[Opening MATERIAL PROVIDED section]
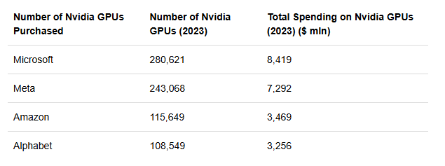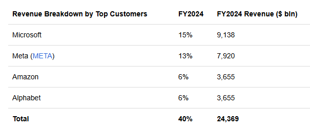 微软、Meta、亚马逊和Alphabey这四大科技巨头,贡献了英伟达2024财年收入的40%,总额高达243.69亿美元。这种高度集中的营收结构也表明,这些客户的资本支出计划对于英伟达未来的表现至关重要。
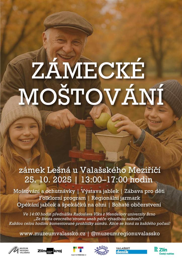 V neděli 25. října ožije zámek Lešná u Valašského Meziříčí vůní čerstvých jablek, pohodovou zábavou a atmosférou tradičního podzimního moštování. Od 13 do 17 hod. zde proběhne akce pro celou rodinu s názvem Zámecké moštování. Na programu jsou ukázky lisování jablek, ochutnávky moštů a dalších ovocných produktů, folklórní vystoupení, tvůrčí dílny a spousta dalších zábavných aktivit. Chybět nebude ani občerstvení. Více na https://www.muzeumvalassko.cz/akce-a-vystavy/zamecke-mostovani-1
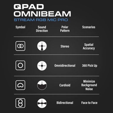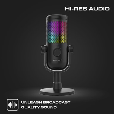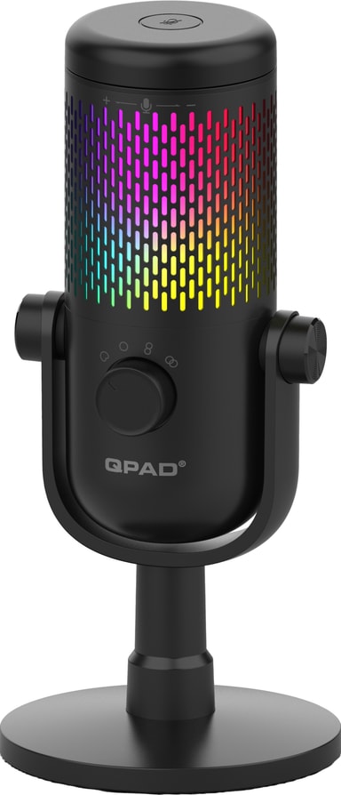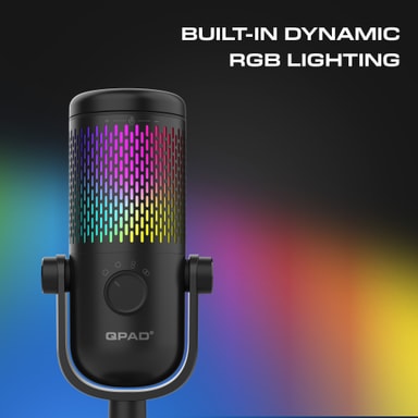 Få en bedre lydopplevelse med QPAD Omnibeam Stream Pro mikrofon med støtte for Hi-Res-lyd, fire lydopptaksmønstre, dynamisk RGB-belysning og en tap-to-mute-funksjon.Les mer om produktet
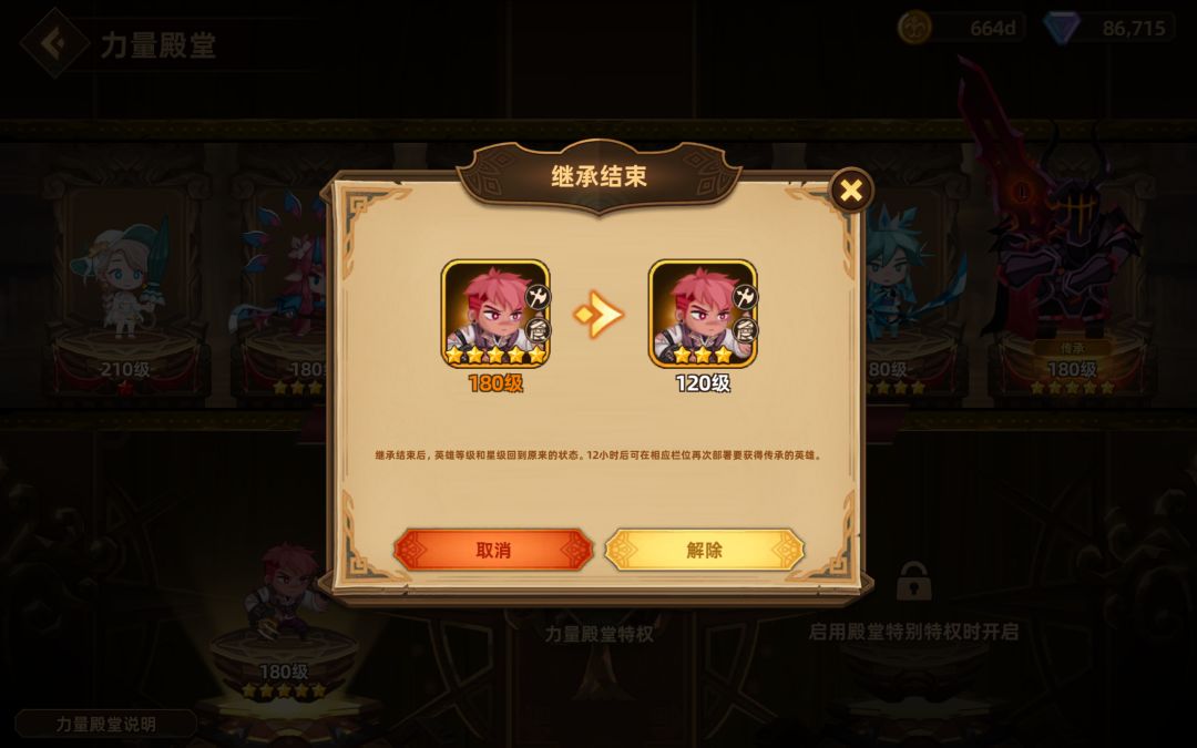 对于平民玩家,力量殿堂系统能够快速提升新获得英雄的星级和等级。如果想要在抽到二星梅菲斯托时立刻继承力量殿堂英雄的星级和等级,推荐提前12小时解除现有继承英雄,为梅菲斯托留好位置。
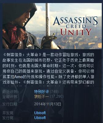 从4月16日开始,《刺客信条:大革命》在Steam上获得了将近800条新评价,其中大多数都是好评。
[Closing MATERIAL PROVIDED section]
Output an exact copy of the material, with the pictures removed.

**RESULT BELOW:**
 微软、Meta、亚马逊和Alphabey这四大科技巨头,贡献了英伟达2024财年收入的40%,总额高达243.69亿美元。这种高度集中的营收结构也表明,这些客户的资本支出计划对于英伟达未来的表现至关重要。
 V neděli 25. října ožije zámek Lešná u Valašského Meziříčí vůní čerstvých jablek, pohodovou zábavou a atmosférou tradičního podzimního moštování. Od 13 do 17 hod. zde proběhne akce pro celou rodinu s názvem Zámecké moštování. Na programu jsou ukázky lisování jablek, ochutnávky moštů a dalších ovocných produktů, folklórní vystoupení, tvůrčí dílny a spousta dalších zábavných aktivit. Chybět nebude ani občerstvení. Více na https://www.muzeumvalassko.cz/akce-a-vystavy/zamecke-mostovani-1
 Få en bedre lydopplevelse med QPAD Omnibeam Stream Pro mikrofon med støtte for Hi-Res-lyd, fire lydopptaksmønstre, dynamisk RGB-belysning og en tap-to-mute-funksjon.Les mer om produktet
 对于平民玩家,力量殿堂系统能够快速提升新获得英雄的星级和等级。如果想要在抽到二星梅菲斯托时立刻继承力量殿堂英雄的星级和等级,推荐提前12小时解除现有继承英雄,为梅菲斯托留好位置。
 从4月16日开始,《刺客信条:大革命》在Steam上获得了将近800条新评价,其中大多数都是好评。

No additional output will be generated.